When I was a student I had to make quite a few Qt application with C++ (for Linux). However, I bring the food on the table doing web (recently only the backend). During that time, the languages for web were something like Python - concise, convenient in terms of ecosystem and distribution, but bloated in terms of memory consumption. "Hello World in Java almost doesn't hang" he-he. Anyway, my first thought when I found Rust I dreamed to make a GUI application.

Unfortunately, I had the expectation that it should be as simple as making an HTML page. My failure to find a library or a framework to make GUI application made me learn a lot about how GUI works. I realized that making GUI for browser and for desktop are quite different problems. Browser makes easy what's difficult having a desktop oriented GUI framework - text rendering. However, the situation is fair the other around. GUI framework makes easy what's difficult in a browser - drawing arbitrary shapes. As a result, a web-frontend programmer struggles to figure out how to write some text having something like Qt, a GUI programmer tries to find the API to the bitmap in a browser.

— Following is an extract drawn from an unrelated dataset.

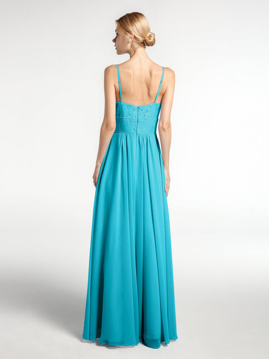 Babaroni CherryVestidos largos de encaje y chiffon con tirantes finos Jade

It's fair noticed in the previous comments that a GUI framework brings a lot. That's because the problem is complex:

1. Create a window

2. Communicate with the window compositor (you do in WinAPI too btw). How to access the system tray and the child window.

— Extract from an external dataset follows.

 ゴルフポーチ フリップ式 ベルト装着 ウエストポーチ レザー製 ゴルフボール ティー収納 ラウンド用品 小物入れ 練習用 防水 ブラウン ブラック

3. Communicate with the operating system.

4. Handle the user input. Callback vs event streams. The user has 4 keyboards for some reason.

5. Rendering. Subpixels, shapes, different DPI. The user has 6 monitors.

6. Text rendering.

7. Widgets. Where probably the most difficult part is to make a textbox, because it involves the solutions of all previous steps.

The steps above touch only the visual part. There's also audio, accessibility, somebody wants the GUI framework to solve the networking.

After all of this research, I picked simply SDL for my project.

1. It's easy to compile.

2. It's small.

3. It relies on the subjectively common dependencies.

4. It's fairly straightforward to upgrade. Given that, you have to create a lot from scratch the part with updating is smaller comparing to a Qt-based solution.

5. It has batteries. My favorite is SDL_ttf which allowed me recently to implement selection of the text which is quite a bit through towards a textbox.

Having a project on SDL requires a lot of knowledge, but not a lot of code.